How to tell if the drug is working: Your symptoms from the viral infection should improve.

Important considerations for taking valacyclovir

Keep these considerations in mind if your doctor prescribes valacyclovir for you.

General

  • You can take this drug with or without food. Taking it with food may help reduce any upset stomach.
  • Take this drug at the time(s) recommended by your doctor.

Storage

  • Store valacyclovir at room temperature between 59°F and 77°F (15°C and 25°C).
  • Keep this drug away from light.
  • Don’t store this medication in moist or damp areas, such as bathrooms.

Refills

A prescription for this medication is refillable. You should not need a new prescription for this medication to be refilled. Your doctor will write the number of refills authorized on your prescription.

Travel

When traveling with your medication:

  • Always carry your medication with you. When flying, never put it into a checked bag. Keep it in your carry-on bag.
  • Don’t worry about airport x-ray machines. They can’t harm your medication.
  • You may need to show airport staff the pharmacy label for your medication. Always carry the original prescription-labeled container with you.
  • Don’t put this medication in your car’s glove compartment or leave it in the car. Be sure to avoid doing this when the weather is very hot or very cold.

Availability

Not every pharmacy stocks this drug. When filling your prescription, be sure to call ahead to make sure your pharmacy carries it.

Hidden costs

You may need to have blood tests during your treatment with this drug. The cost of these tests will depend on your insurance coverage.

Prior authorization

Many insurance companies require a prior authorization for this drug. This means your doctor will need to get approval from your insurance company before your insurance company will pay for the prescription.

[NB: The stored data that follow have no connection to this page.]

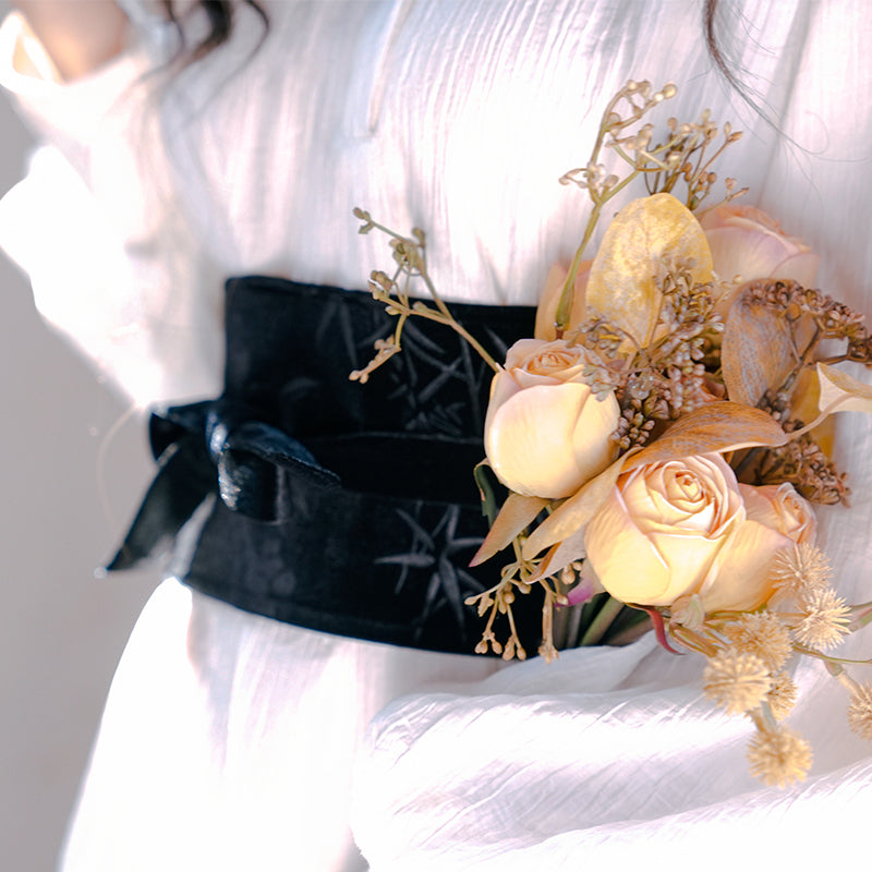 Colorful floral velvet bustier and corset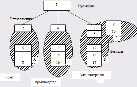 Структура коммуникационных сетей в компании "Галакта" не достаточно развита. В компании вместо 3-х формальных групп образовано 4 неформальных. Группы А, Б и Г общаются между собой, а группа В общается с другими группами только лишь посредством руководителя компании. Таким образом, будет целесообразно провести в компании реструктуризацию. Выделить в компании 4 отдела. 1-ый отдел – сбыта (2, 5, 8, 7). Руководителем отдела назначить сотрудника № 5, так как он является лидером мнения в этой группе. Второй отдел – производства. Руководителем этого отдела будет сотрудник № 4 (он и является формальным руководителем). Третий отдел – административный. Руководителем этого отдела будет сотрудник № 3 (он и является формальным руководителем). Сотрудники № 3, 14, 13, 12, 6. Четвертый отдел – логистики. Руководителем этого отдела будет сотрудник № 10, так как он регулирует всю информацию, поступающую в группу. Организационная структура компании будет иерархический и будет выглядеть следующим образом.
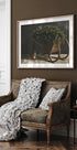 An atmospheric winter still life with a wooden sleigh, green branches and a small lantern. The dark shades and soft shadows give a calm, elegant and cozy Christmas look.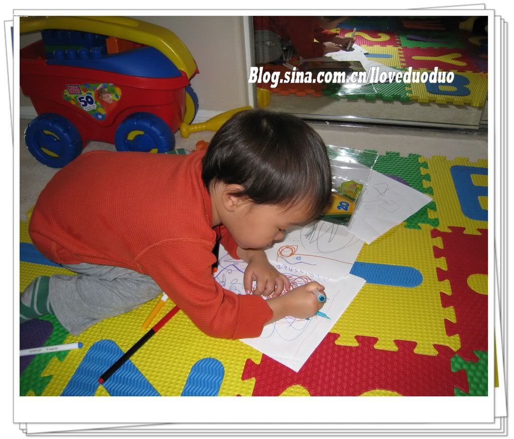 从一岁起到现在,我们一如既往地表现出对涂鸦的热爱。每天必做的一件事就是要画画。现在我们开始用电脑软件作画了。不过毕竟电脑不能取代传统的纸和笔,最近我又给他买了一大盒的绘画工具作为我送的圣诞礼物。看看"大师"作画的神情有多么专注。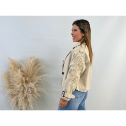 Gabardina bordada beige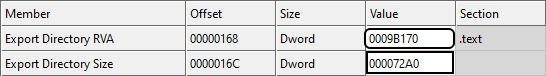 Export section interval = [0x0009B170, 0x0009B170 + 0x000072A0] = [0x0009B170, 0x000A2410]

Are there any alternatives?

There are other drugs available to treat your condition. Some may be better suited for you than others. Talk to your doctor about other drug options that may work for you.

Disclaimer: Healthline has made every effort to make certain that all information is factually correct, comprehensive, and up-to-date. However, this article should not be used as a substitute for the knowledge and expertise of a licensed healthcare professional. You should always consult your doctor or other healthcare professional before taking any medication. The drug information contained here in is subject to change and is not intended to cover all possible uses, directions, precautions, warnings, drug interactions, allergic reactions, or adverse effects. The absence of warnings or other information for a given drug does not indicate that the drug or drug combination is safe, effective, or appropriate for all patients or all specific uses.